Hire up world-class sales and marketing team members early, even if you think it is a bit overkill.
If you hire them too early or somehow happen to be the very first B2B SaaS company in history to get public without needing outbound sales and marketing skills, you will still benefit from having strong executives on the team and this “insurance policy.” However, if you wait until growth has already slowed to make these moves, the negative effects compound as it will be very difficult to raise capital at premium terms and to attract world-class talent into these key executive roles.
2) Early paid sales and marketing efforts are working and seem scalable
This can apply to businesses that supplement their organic customer demand with paid sales and marketing, or only focus on paid acquisition. Although inbound demand is preferable, the next best thing is to have predictable, scalable, and profitable paid customer acquisition strategies.
Often these businesses have proven the core models, but have been capital constrained and therefore unable to fully invest behind their compelling unit economics, but they should. If you can raise capital at attractive terms, you are leaving significant value for your competitors by not capturing the full opportunity and investing more aggressively.

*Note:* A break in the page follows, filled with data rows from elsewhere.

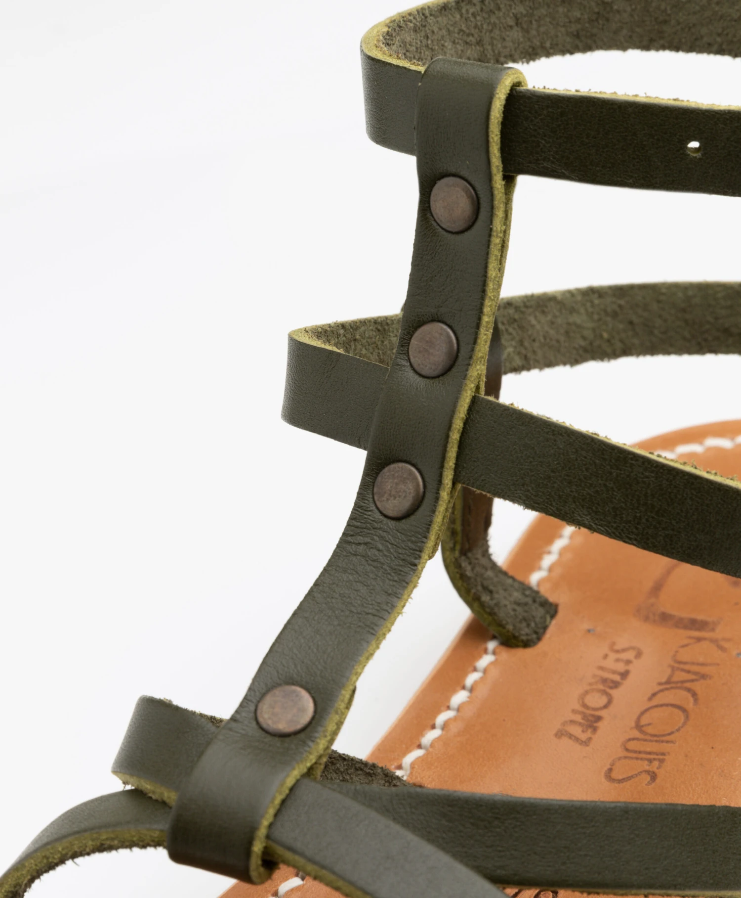 De leren Larissa sandalen van K.Jacques Saint Tropez ademen een tijdloze stijl. Deze sandalen zijn met de hand gemaakt van kakigroen leer en ontworpen met smalle leren bandjes in een kruislings design en zijn gedetailleerd met vintage metalen studs. Deze gladiator-stijl sandalen complementeren iedere look, seizoen na seizoen.
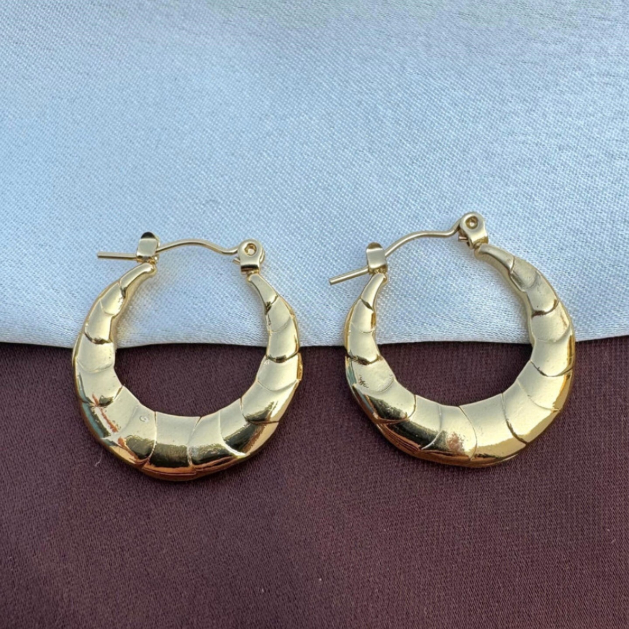 These chic Golden Crescent Hoop Earrings showcase a beautifully curved, segmented design that exudes modern elegance.
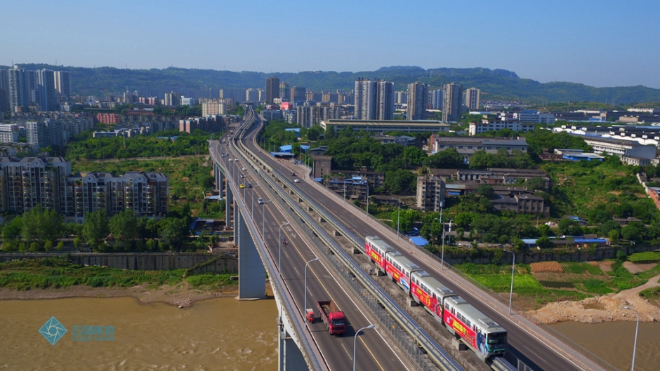 一般来说,梁桥没有其它桥型的桥梁吸引人,因为线条没有斜拉、悬索等塔式桥梁丰富而有起伏,重庆鱼洞长江大桥却是个例外。一般来说,公铁或公轨两用桥梁公采用上下两层的桥型,鱼洞长江大桥又是个例外。双线城市轻轨轨道在大桥中间,两侧是车道。(桥梁建设报 马永红 湖北日报全媒体记者 陈勇 赵融 摄)
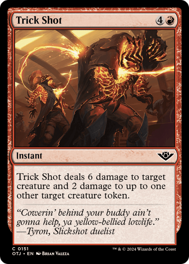 Trick Shot deals 6 damage to target creature and 2 damage to up to one other target creature token.
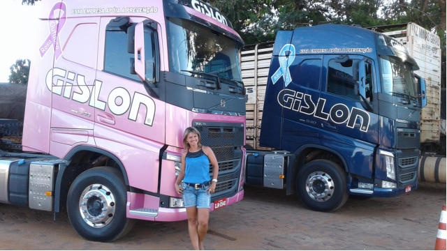 ColÃder recebeu na  tarde da sexta-feira(12) duas carretas que chamam a atenção de quem passa, uma azul, em alusão à prevenção do câncer de próstata e outra cor-de-rosa, conduzida pela caminhoneira catarinense Rosa Maria Richartz, de 34 anos. Ela vai percorrer um total 2.800 km a bordo da Volvo FH, o primeiro que saiu da fábrica na cor rosa. As referidas carretas ficaram um bom tempo estacionadas em um posto na saÃda para Alta Floresta.
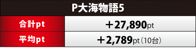 トップの『ゴジエヴァ』は合計ptで+11万弱に迫り、平均ptでは+6千超の高水準を達成。また『大海4スペシャルBLACK』『大海5』はどちらも4桁の平均ptを残した。
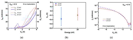 (a) Transfer characteristics; (b) average values and errors of threshold voltages; (c) gate leakage curves at the negative bias of p-GaN HEMTs with H ion implantation energies of 15 keV and 20 keV, without annealing.
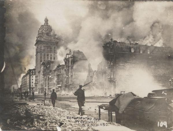 Улица в Сан - Франциско после мощного землетрясения, 1906 год.
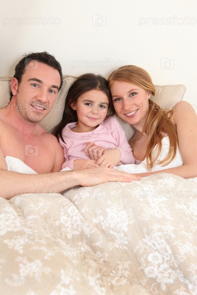 Пара с дочерью в постели
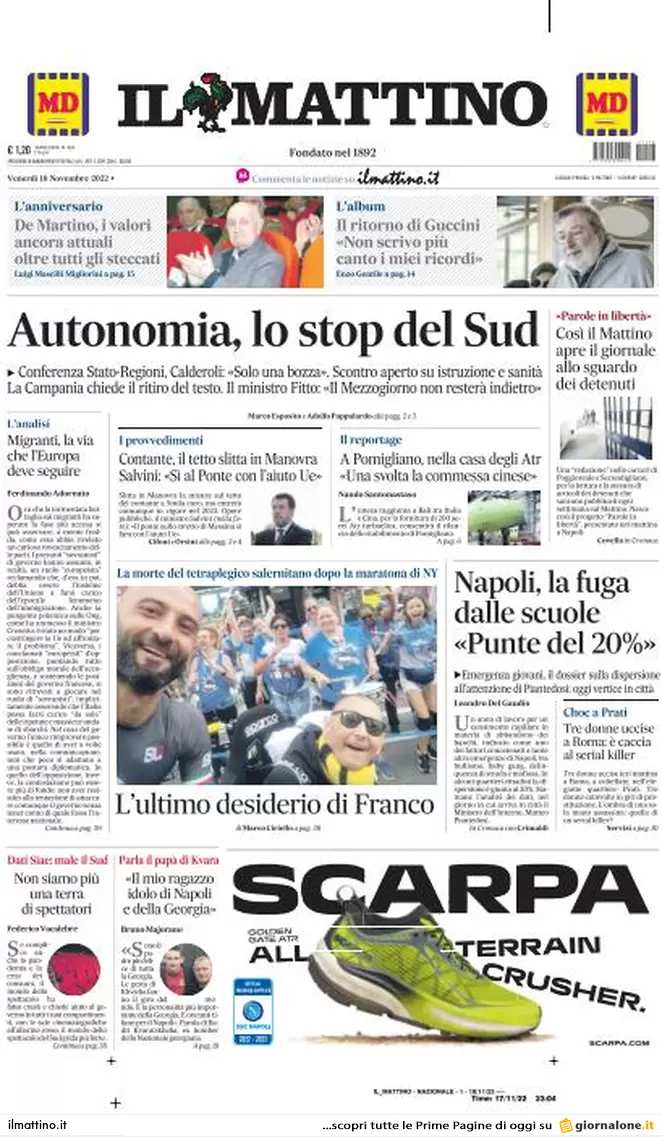 Sono tanti gli spunti che arrivano dalla prima pagina de Il Mattino. Il noto quotidiano si sofferma su alcuni degli argomenti più caldi del momento. Ecco alcuni titoli dell'ultima edizione: "Parla il papà di Kvara: il mio ragazzo idolo di Napoli e della Georgia", si legge in merito allo sport.
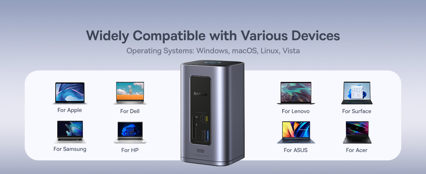- 【Powerful 100W PD Charging】 The charger is not included. Keep your devices powered all day long with our intelligent 100W power delivery. Our usb docking station smartly allocates power based on connected devices, ensuring fast, efficient, and safe charging every time.
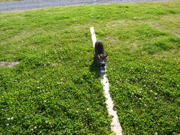 En bräda som markerade gränserna mellan olika platser. Den fungerade även som klösbräda åt katten.
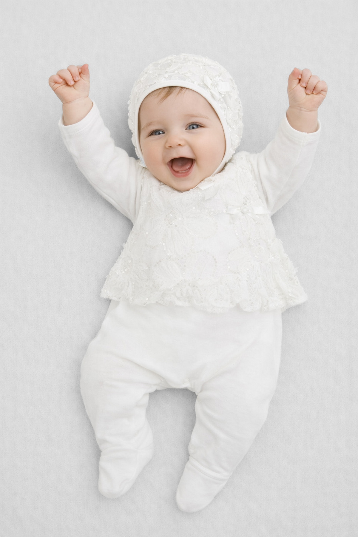 Нарядный комплект с цветочным кружевом станет прекрасным решением для особенного события, такого как выписка из роддома. Комбинезон изготовлен из 100% хлопкового волокна, мягкая, приятная телу ткань ... не вызывает раздражений, обеспечивает оптимальную циркуляцию воздуха, что не мало важно для новорожденных малышей. Чепчик, декорированный кружевом, гармонично завершает праздничный облик. Практичная застежка на кнопках, расположенная на плечиках и вдоль ножек, значительно упрощает процесс переодевания.
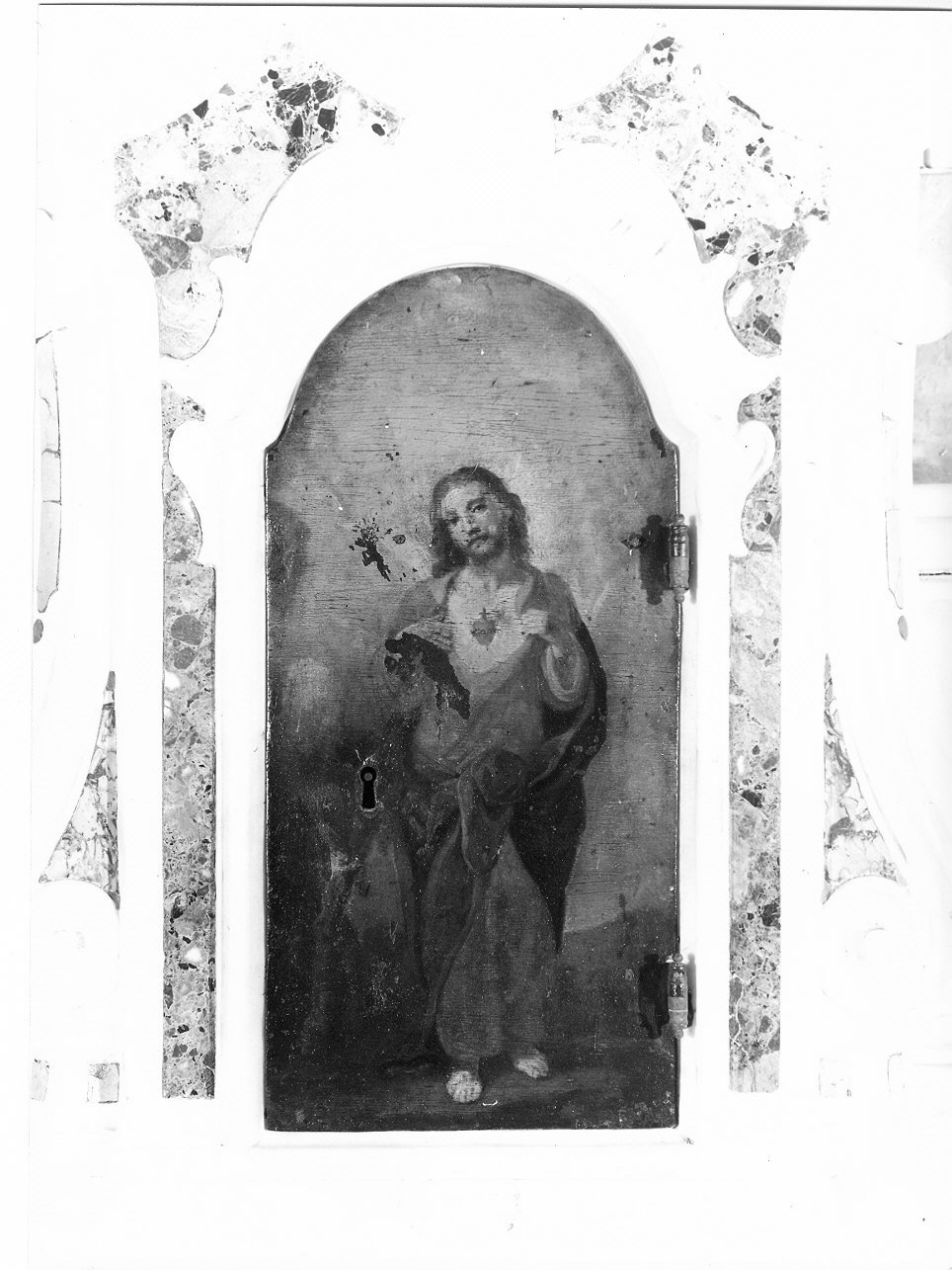- NOTIZIE STORICO CRITICHE La porticina è probabilmente coeva al tabernacolo; il tipo di pennellata rapida e le lumeggiature sono, infatti, riconducibili al '700. Rientra in un tipo di pittura devozionale senza particolari caratteristiche che esula da ogni ricerca più specificamene artistica
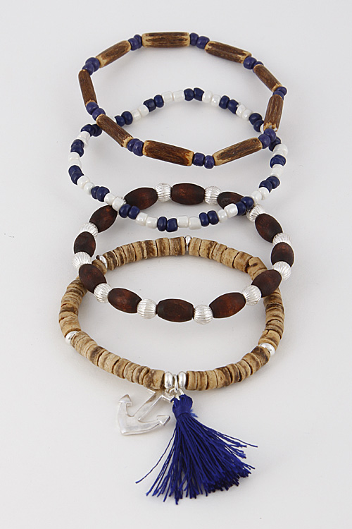 • * Multi Bead Bracelet With Anchor And Tassel 6FCB7 * 2.2 X 2.2 " approx.
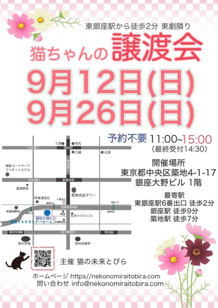 | イベント内容 | 東銀座で保護猫の譲渡会を開催しています「猫の未来とびら」です♪ 恵まれない環境にいる猫たちが未来へのとびらを開いて幸せなご縁に繋がる橋渡しをしていきます。 たくさんの猫ちゃんと保護主・スタッフ一同みなさまのご来場を心よりお待ちしています! 子猫ちゃん〜成猫ちゃんまで参加します♪ ※ご来場頂く方と私たち保護主、スタッフの安心と安全の為、感染リスクを限りなく低減させる為、私たちが出来うる対策をしてお待ちしております※ 【ご来場いただく皆様には下記についてお願い致します】 ★マスクの着用をお願い致します。 (マスク着用のない方は入場出来ません) ★譲渡会場にお入り頂く前に検温・手洗いと手の消毒、検温をお願い致します。 ★ソーシャル・ディスタンス(人と人との間隔を開ける)をお願い致します。 ★熱のある方や体調の優れない方は譲渡会への来場を見合わせて頂けますよう、お願い致します。 ★来場者数によりましては人数制限もありますので長時間お待たせてする場合もございます。 予めご了承下さい。 コロナウイルス感染拡大防止の為、厳しいお願いで大変恐縮ですが何卒ご理解とご協力、ご了承をいただけますようお願い致します。 ★☆★★☆★★☆★★☆★★☆★★☆★★☆★★☆★★☆★ ★開催日時 2021年9月12日(日) 11:00~15:00 (最終受付 14:30) ★子猫希望者多数の場合、11時00分より整理券を配布致します。 ★会場 東京都中央区築地4-1-17 銀座大野ビル 1階 (東劇となり) ★最寄駅 東銀座駅 6番出口 徒歩2分 銀座駅 徒歩9分 ・築地駅 徒歩7分 駐車場は当ビルの駐車場または近隣のコインパーキング等をご利用ください。 会場への直接のお問い合わせはご遠慮くださいませ。 ★☆★★☆★★☆★★☆★★☆★★☆★★☆★★☆★★☆★ コロナ禍のため、猫ちゃんとの触れあいはご遠慮頂いております。 里親様・猫ちゃんが双方、幸せな家族になれるよう保護主・スタッフがサポート致します。 ご不安な事はお気軽にご相談ください。 入場無料です。事前のご予約は不要です。 当日猫ちゃんの引き渡しはございません。 後日、保護主が里親様宅へお届けいたします。 ※参加予定猫ちゃんは、急な体調不良等で不参加になる場合もございます。 開催当日の朝、当会ブログにて不参加の最新情報を掲載致しますのでご確認をお願い申し上げます。 ◇譲渡に関してのお願い・基本条件 1.家族の一員として終生最期まで愛育下さい。 2.完全室内飼い・ペット可のお住まい 3.脱走防止対策 4.避妊・去勢手術 5.里親様のご自宅へのお届け 6.譲渡誓約書への署名捺印・身分証明書の提示 7.医療費譲渡金のご負担 8.定期報告 9.トライアル期間有り ※保護主により譲渡条件は異なりますので会場で直接ご相談ください。 60才以上の方のみのご家庭、未成年の方、単身の方、同棲中の方、 小学生低学年以下のお子様のいる方、必要な脱走対策を施していただけない方は譲渡が出来かねますのでご了承ください。 仔猫の場合は主にお世話される方のご年齢は55歳までとさせて頂きます。 オーバーする方はご相談くださいませ。 小さな子猫の譲渡は体重が1kgになってからのお届けやお留守番の無い(少ない)ご家庭を希望いたします。 動物も病気になったり、年老いた場合には介護が必要になる場合がございますので、その時にきちんと必要な医療費を捻出出来る、経済力がある里親さまへの譲渡となります。 医療費譲渡金に関しましては詳しくはホームページの 【譲渡に関してのお願い】【譲渡の流れ】をご覧くださいませ。 ~主催 猫の未来とびら~ |
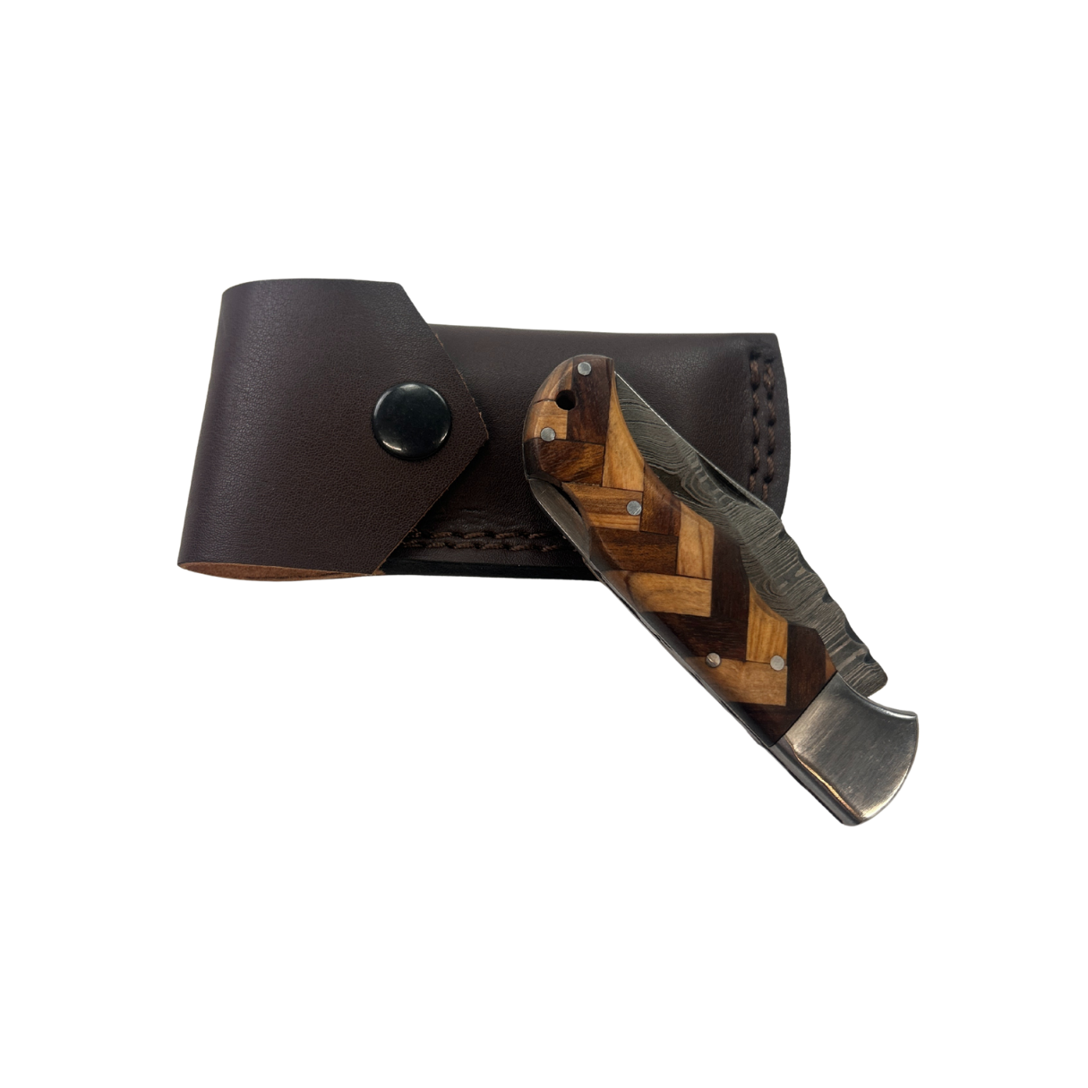 The Lifespace Damascus Steel Folding Knife combines refined craftsmanship with practical design in a compact, elegant form. The blade is forged from high-quality Damascus steel, showcasing distinctive natural patterning that makes each knife unique. A beautifully finished rose and olive wood handle provides a warm, comfortable grip, complemented by a durable steel bolster for added strength and balance. Measuring 2.95 inches for the blade and 3.74 inches for the handle, this folding knife offers a total length of 6.69 inches when open—ideal for everyday utility and collection alike. Precision construction ensures smooth folding action and reliable performance. A leather pouch is included for safe storage and convenient carry.
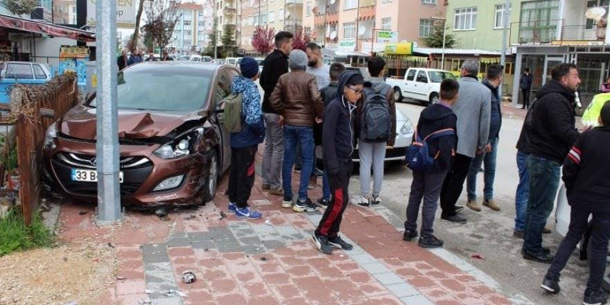 Alınan bilgiye göre, Z.K yönetimindeki 33 B 7204 plakalı otomobil, sürücünün aniden yola çıkan çocuklara çarpmamak için direksiyonu kırması sonucu önce park halindeki otomobile sonrada kaldırımdaki aydınlatma direğine çarparak durdu. Kazada isimleri öğrenilemeyen 13 yaşlarındaki 2 çocuktan birisi yere düşerek, diğeri de otomobilden koparak fırlayan parçanın isabet etmesi üzerine hafif şekilde yaralandı.

3) Sales aren’t fully tuned yet, but we’re on a path to get there
Often times with "big vision" businesses, it can take a while to work through the product/market fit to move the company into the aforementioned first or second bucket. The important thing here is to be patient and to continue to tune the product and business model to find that right alignment, allowing you to fully invest your resources behind the model that will ultimately scale. Quick, inexpensive, honest market tests are most important here, as you want to miser every penny to have it in reserve for the “step on the gas” moments that will hopefully come later.